A supersonic aircraft generates a shock wave. At the wave's origin, the temperature is measured to be at $$300\text{ K}$$, but in its direction of travel, the temperature gradient can be modeled by the expression $$\left( -\frac { 2 }{ 75 } d \right)\text{ K}\cdot \text{ km}^{ -2 }$$, where $$d$$ is the distance from the wave's origin in kilometers. (Note: For this expression, plug in the value and the units for $$d$$.)

Using the given approximations, calculate the time (in seconds) that it will take an observer $$15 \text{ km}$$ away from the aircraft to hear the shock wave after it is created.
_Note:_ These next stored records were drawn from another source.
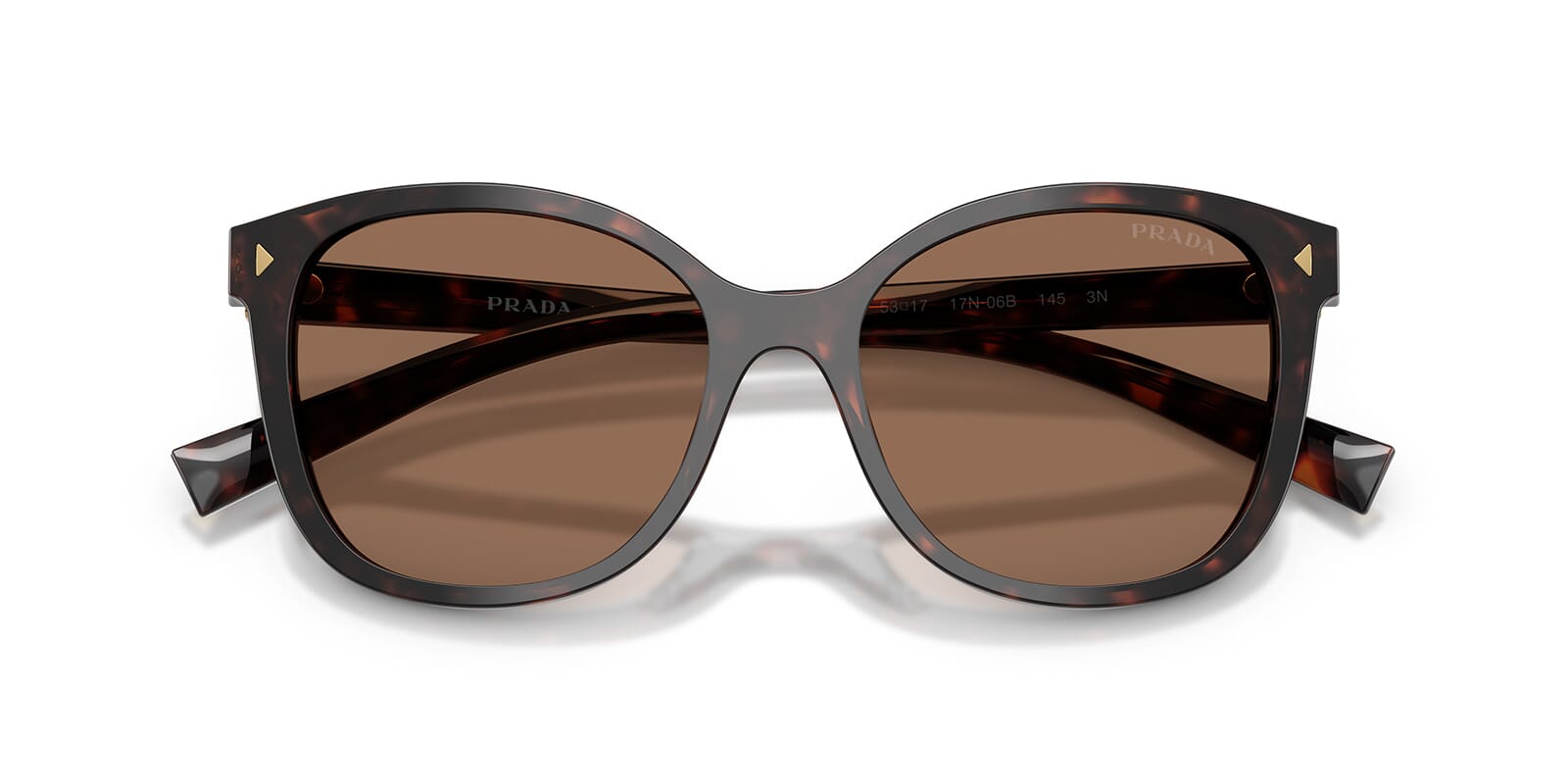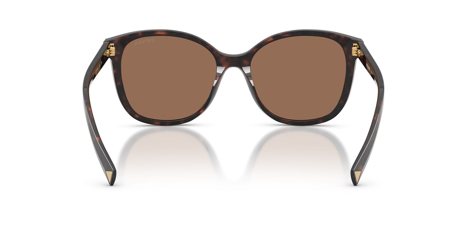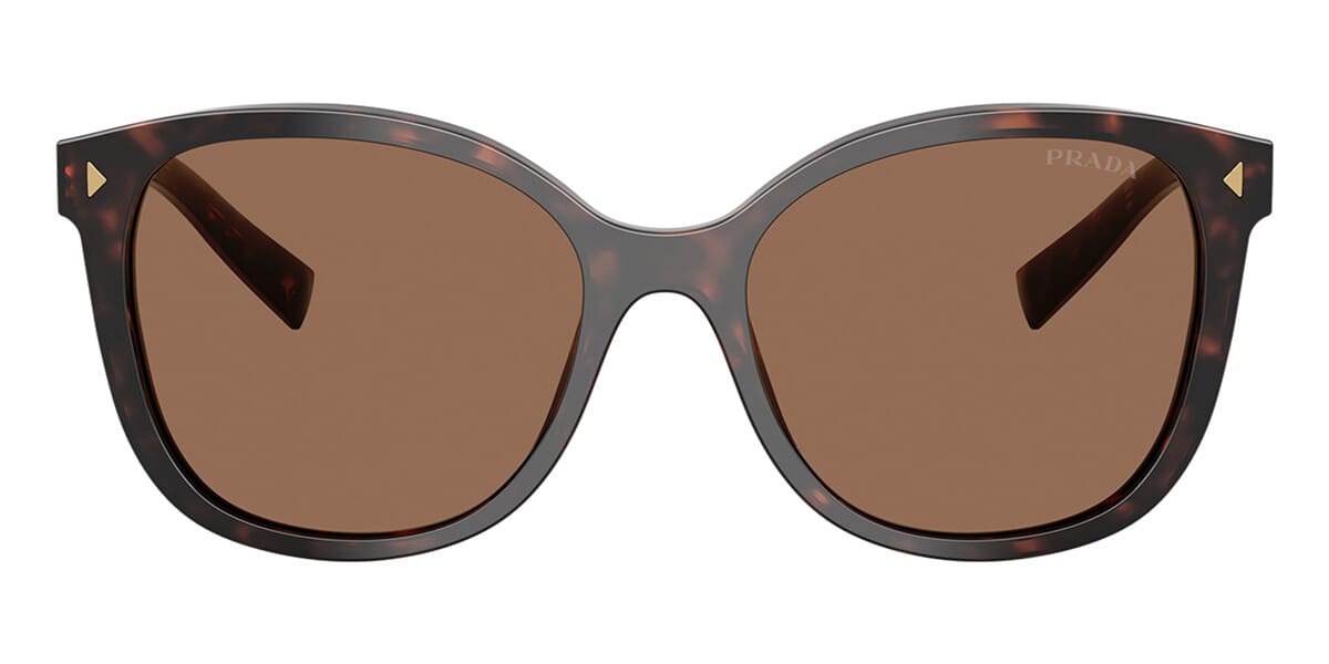 This square Prada sunglass comes in a tartaruga radica frame with dark brown lenses.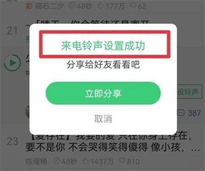 5. 最终会弹出一个显示“来电铃声设置成功”的窗口。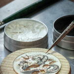 The design begins with a gold base adorned in Grand Feu enamel, a 17th-century technique so rare it’s practised by only a handful of artisans—including one at Chopard’s manufacture. The enamel undergoes laser ablation to reveal a dragon in striking relief. Every detail is a marvel. Its sinuous body gleams with miniature enamel painting, its gold mane and moustache painstakingly hand-engraved. The horns, crafted through micro-marquetry, combine six types of wood, while the bead clutched in its claws and the swirling clouds are carved from luminous mother-of-pearl.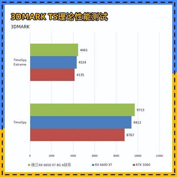 而在针对DX12环境下的Time Spy和Time Spy Extreme测试中,迪兰RX 6650 XT X战将相比RX 6600 XT综合提升约为3.2%;相较RTX 3060综合提升约为9.4%。

If this can be written in the form $$a\sqrt { b }$$ seconds, where $$a$$ and $$b$$ are positive integers with $$b$$ square-free, write your answer in the form $$a+b$$.

Details and Assumptions

• $$\arcsin { \theta \approx \theta }$$ for small values of $$\theta$$.
• Use the following approximation: $$\sqrt { \dfrac { { { M }_{ a } } }{ { \gamma }_{ a }R } } \approx \frac { 1 }{ 20 }$$.
• $${ M }_{ a }\approx 2.897\times { 10 }^{ -2 }\text{ kg}\cdot \text{ mol}^{ -1 }$$, molar mass of dry air.
• $${ \gamma }_{ a }\approx 1.400$$, adiabatic index/heat capacity ratio of dry air at $$293\text{ K}$$.
• $$R\approx 8.315J\cdot \text{ K}^{ -1 }\cdot \text{ mol}^{ -1 }$$, ideal gas constant.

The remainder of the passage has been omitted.